It was considered _impossible_ for physical scientific reasons by all of the 
leading scientists and astronomers of the early eighteenth century to produce 
a clock accurate enough that could withstand the difficult conditions of 
sailing ships of the time. That is the real measure of what Harrison was up 
against.

Harrison was the first to get to grips with the real problems of accuracy. 
He understood the need to reduce friction and was the inventor of various 
methods of reducing it including what we now call needle-roller bearings.
 
He was the first to introduce temperature compensation successfully with 
gridiron pendulum for regulators, and bimetallic stip compensators in his 
chronometers.  This, along with the balanced spring opposing-pendulum 
oscillator were the big breakthroughs.

He was the first to understand the need for balanced mass/spring oscillators 
that could maintain oscillation though subject to external forces - thrown 
around by a sailing ship; and he undestood for the first time the need to 
de-couple the oscillating elements from the rest of the mechanism as much as 
possible and hence understood in principle what we would now call 'Q' - the 
"goodness" of an oscillator.

His 'grasshopper' escapement in his regulator is recognised as the most 
friction free escapement of them all, which affects the motion of a pendulum 
the least and increases accuracy thereby.  Not unitl the Shortt clock came 
into being in the 1920s was his regulator improved upon.

He understood the forces involved in his large rocking balance clocks and 
realised that there was a fundamental underlying physical problem which could 
not be overcome; hence his change after a lifetime of improving his designs 
of the large clocks to small pocket-watch configuration - the one which 
evenually won the longitude prize.

Harrison can rightly be descibed as a genius in my opinon - someone who is so 
advanced compared to his contemporaries they are unique and there is no 
meaningful comparison really possible.  He started his working life as a 
carpenter and joiner, working on a large estate in the service of Sir Rowland 
Winn of Nostell Priory;  but became the world's leading master of horology in 
marine chronometer development.  An astonishing achievement.

His achievement is so huge and comprehensive; the brilliant inventiveness so 
amazing;  and the lifelong dedication in the face of all the opposition, 
including scientific negativity against him in the eighteenth century;  is 
difficult to comprehend today.  It is probably the equivalent of someone 
today converting their motor car into a spaceship capable of travelling to 
the Moon and back!

Douglas Denny.
Chichester.
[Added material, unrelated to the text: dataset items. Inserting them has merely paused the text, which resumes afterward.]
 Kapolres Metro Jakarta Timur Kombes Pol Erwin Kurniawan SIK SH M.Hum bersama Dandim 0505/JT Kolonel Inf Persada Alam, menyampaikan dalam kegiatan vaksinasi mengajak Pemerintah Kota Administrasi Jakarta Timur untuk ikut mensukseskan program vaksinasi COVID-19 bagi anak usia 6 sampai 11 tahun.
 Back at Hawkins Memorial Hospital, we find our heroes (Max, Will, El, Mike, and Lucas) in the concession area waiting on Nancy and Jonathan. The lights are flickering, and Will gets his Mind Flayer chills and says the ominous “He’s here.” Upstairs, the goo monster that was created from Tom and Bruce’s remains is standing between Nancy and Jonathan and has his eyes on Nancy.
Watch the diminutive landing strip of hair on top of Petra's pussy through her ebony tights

England.

================

Original Post:

Gary:

A fascinating experiment and experimental confirmation of my long-held belief 
that even the cheapest digital watch makes a superb chronometer.
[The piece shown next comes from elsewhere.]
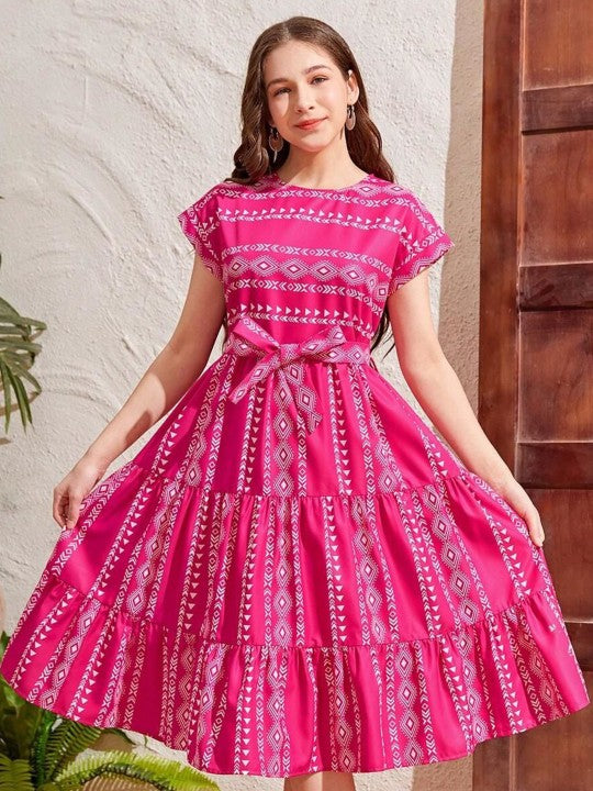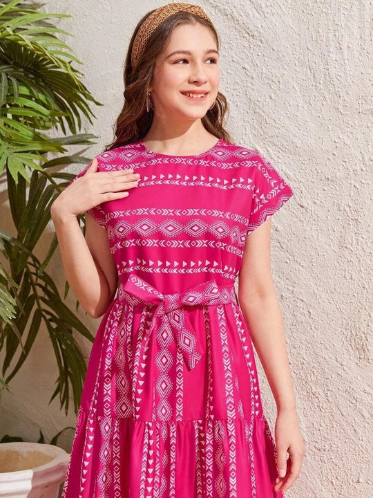 Floral Print Fit & Flare Cotton Midi Dress is a delightful and stylish option for both casual outings and special occasions. This pink floral print dress is designed in a flattering fit-and-flare silhouette, creating a charming and feminine look that complements all body types. It features a classic round neckline and short regular sleeves, striking a perfect balance between comfort and style. The midi-length dress ends in a graceful flared hem, adding a touch of elegance and movement to each step. Crafted from soft, breathable cotton fabric, it ensures all-day comfort. Accompanied by a coordinating belt, this dress allows for a cinched waist, enhancing its fit and adding a touch of sophistication. With its timeless floral print and easy-care fabric, this dress is a versatile addition to any wardrobe.

Now a challenge for anyone wanting to repeat the experiment or extend the results:

1.   Take the "watch board" and simulate motion.   Okay, maybe we can't take 
it to sea but maybe drive it around town with us?

2.   Vary the temperature.   Maybe put the board outside in direct sunlight 
(and rain and maybe even snow).

Remember, Harrison's biggest challenge was not making an accurate chronometer 
(that had been done already) but rather making one that remained accurate 
despite the motion and temperature changes experienced at sea.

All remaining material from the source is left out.